PERSONNES HANDICAPÉES

jeune_handicapeLes personnes ayant une déficience intellectuelle.

L’animal s’avère être un excellent outil d’intervention avec les enfants, les adultes et les personnes âgées atteintes d’une déficience intellectuelle. Le choix de l’animal le plus propice se fait en fonction du rythme psychomoteur de chaque individu. Il est intéressant de constater les multiples possibilités de stimulation qu’offre chaque variété d’animaux ainsi que le matériel nécessaire à leur présentation. L’odorat, l’ouïe, la vue, le toucher, tous les sens sont mis à contribution par le biais d’activités d’exploration du corps de l’animal. Il est aussi possible de responsabiliser les individus en leur assignant des tâches propres à faciliter la séance de zoothérapie.

Tout le monde y met du sien, dans la mesure de ses capacités, et l’animal comme l’intervenant fournissent une rétroaction immédiate sur l’accomplissement de la tâche. Lors de ces séances, l’intervenant invite la personne à prendre une part active pour amplifier la valeur thérapeutique de l’activité. L’individu en tire une valorisation, tant à ses yeux qu’à travers le regard de ses pairs. Même s’il paraît simple, le contact avec l’animal est une source d’émerveillement constant. L’attention est plus facilement retenue et la concentration meilleure lorsque la cible est « vivante » et donc intéressante. L’intervenant profite de ces moments privilégiés pour aborder des sujets visant à améliorer la qualité de vie quotidienne des personnes. L’animal devient le prétexte à l’apprentissage.

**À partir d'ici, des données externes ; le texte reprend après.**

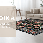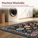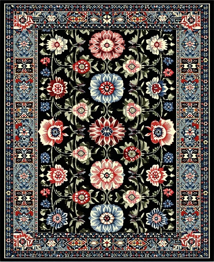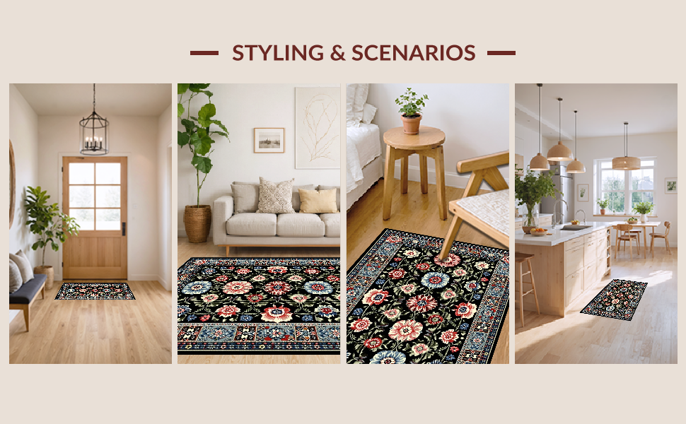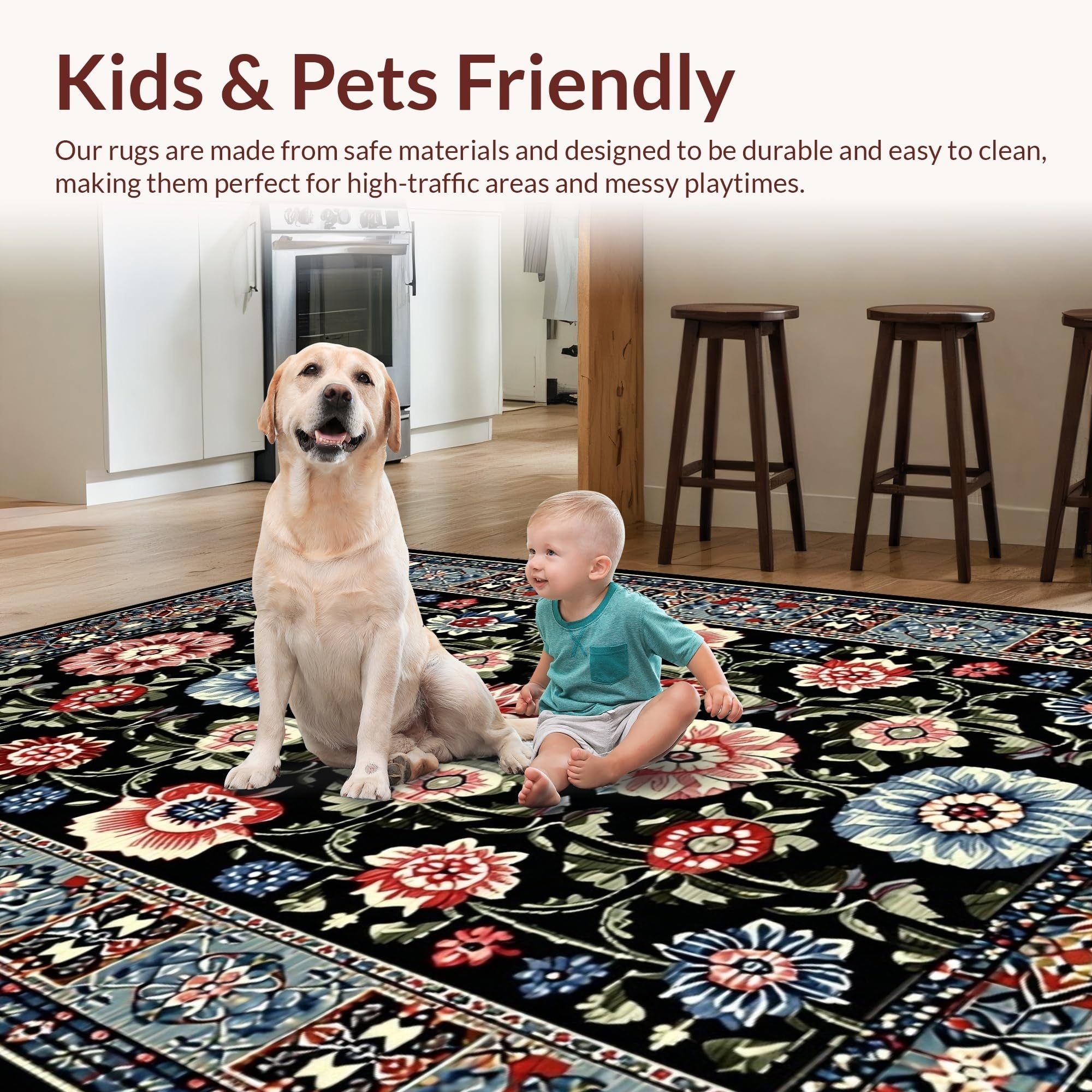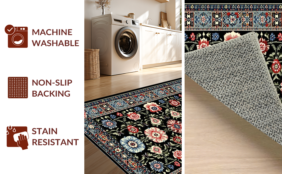Ultra Soft Area Rug, Non Slip, Stain Resistant, Washable Area Rugs for Living Room, Bedroom, Chic Floral Coastal Aesthetic(Black) Overview:

Fondation zoé1Les personnes ayant un déficit moteur

Les enfants, adultes et personnes âgées ayant à vivre avec un handicap moteur doivent faire travailler régulièrement les muscles qui, s’ils ne sont pas gardés en condition, risquent l’atrophie. Souvent, la motivation vient à manquer, car l’utilité d’un tel entretien devient de plus en plus floue, imprécise. Mise en contact avec des animaux, la personne réalise rapidement que, pour bien profiter des séances de zoothérapie, elle doit être capable de les manipuler. Cette raison est utilisée par l’intervenant qui en fait une fin en soi : utiliser l’animal comme source constante de renforcement positif à l’effort physique déployé. L’effort de lancer la balle à un chien est récompensé par la collaboration enthousiaste de l’animal. Déplacer un miroir vers une tourterelle donne le plaisir d’entendre son chant d’appréciation. En cherchant à interagir avec l’animal, la personne redécouvre les moyens de réactiver certaines parties de son corps jusqu’alors délaissées. La tâche n’est plus simplement mécanique ; elle devient une action orientée vers un but agréable, d’autant plus stimulant lorsque la personne se préoccupe du bien-être de l’animal.